Mobile App A/B Testing Guidelines

Avatar
Lior Eldan 21 July 2021
Mobile App A/B Testing Guidelines

 

This article was first published in 2018 and updated in 2021. 

As both Apple’s App Store and the Google Play Store have grown, it has become increasingly important to stand out and ensure you are doing everything within your power to maximize your engagement opportunities in both stores.

A great way to do so is through conducting mobile app A/B testing. It ensures that you’re constantly improving, and it’s a very tangible and methodical way to improve conversion rates and increase results generally. 

What is Mobile A/B testing?

A/B testing simply means that you create two versions of something where each one is slightly different and test them against each other with an audience sample. In the mobile marketing world, it can refer to testing two versions of an ad, app store screenshots, or in-app experience, to name just a few. From the test results, you can determine which performs best according to your KPIs. 

The easiest way to test versions against each other is by ensuring there’s only one single difference between each, so you can attribute any change in results to that aspect. Just to give you an amuse bouche, a difference can be in the text (body or headline), banner image, target audience, and more. 

Each version is displayed to a different audience, and their results help us determine which ad works better. Some sort of a digital focus group, if you will. Just to make sure it’s clear, we’ll give an example:

You have an ad; however, you’re not sure what the CTA button should say. You and your colleagues are debating between two versions. So what do you do? Make both, of course. Then you divide your audience in half and send a different ad to each, and see which version is more engaging and comes up with better results.

Mobile App A/B Testing Best Practice 

There are a number of ways to go about mobile app A/B testing, some of which are better than others.
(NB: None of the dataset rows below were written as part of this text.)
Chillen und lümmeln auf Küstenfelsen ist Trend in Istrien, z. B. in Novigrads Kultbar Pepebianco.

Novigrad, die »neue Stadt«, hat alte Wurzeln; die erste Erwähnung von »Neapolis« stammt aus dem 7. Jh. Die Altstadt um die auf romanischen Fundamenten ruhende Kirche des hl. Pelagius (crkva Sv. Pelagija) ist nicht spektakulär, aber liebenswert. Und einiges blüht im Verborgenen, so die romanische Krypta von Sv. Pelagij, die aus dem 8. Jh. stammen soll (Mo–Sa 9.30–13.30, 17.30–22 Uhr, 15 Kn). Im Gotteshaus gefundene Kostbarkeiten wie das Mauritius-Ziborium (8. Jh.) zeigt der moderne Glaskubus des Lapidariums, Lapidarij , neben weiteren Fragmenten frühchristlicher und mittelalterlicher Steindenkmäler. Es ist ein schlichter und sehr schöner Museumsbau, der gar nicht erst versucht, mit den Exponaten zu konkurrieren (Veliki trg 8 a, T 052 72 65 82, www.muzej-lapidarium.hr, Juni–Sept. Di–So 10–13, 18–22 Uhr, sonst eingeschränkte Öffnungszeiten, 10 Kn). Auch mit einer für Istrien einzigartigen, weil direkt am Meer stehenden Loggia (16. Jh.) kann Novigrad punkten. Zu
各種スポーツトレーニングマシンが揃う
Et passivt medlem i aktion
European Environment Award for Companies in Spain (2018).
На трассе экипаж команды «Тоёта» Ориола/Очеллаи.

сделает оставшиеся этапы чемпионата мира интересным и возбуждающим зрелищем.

We’d like to encourage you to take an informed, data-driven approach to testing.

For example, let’s say you have a ride-hailing app. A bad test would be to say, “let’s change the first screenshot and see what happens”.

Compare this to an effective test. To begin with, you will gather data; what has user feedback been like? What changes have you made in the past, and what was their impact? You would then test an informed assumption: “A screenshot showing our app’s dashboard is likely to convert better than one showing happy users”.

A good test should run for at least seven days and up to fourteen days (you’d want to see the impact of weekends, for example). Starting at the beginning of the week means you can run full weeks and cover at least two business cycles. This is important because weekday and weekend traffic often differs. There’s usually a warm up period that needs to be accounted for before you can start relying on the data, too. 

All data should be measured and carefully considered. Testing should be done in consistent environments, so avoid a test during times where results are likely to be skewed (for example testing a soccer app during the World Cup).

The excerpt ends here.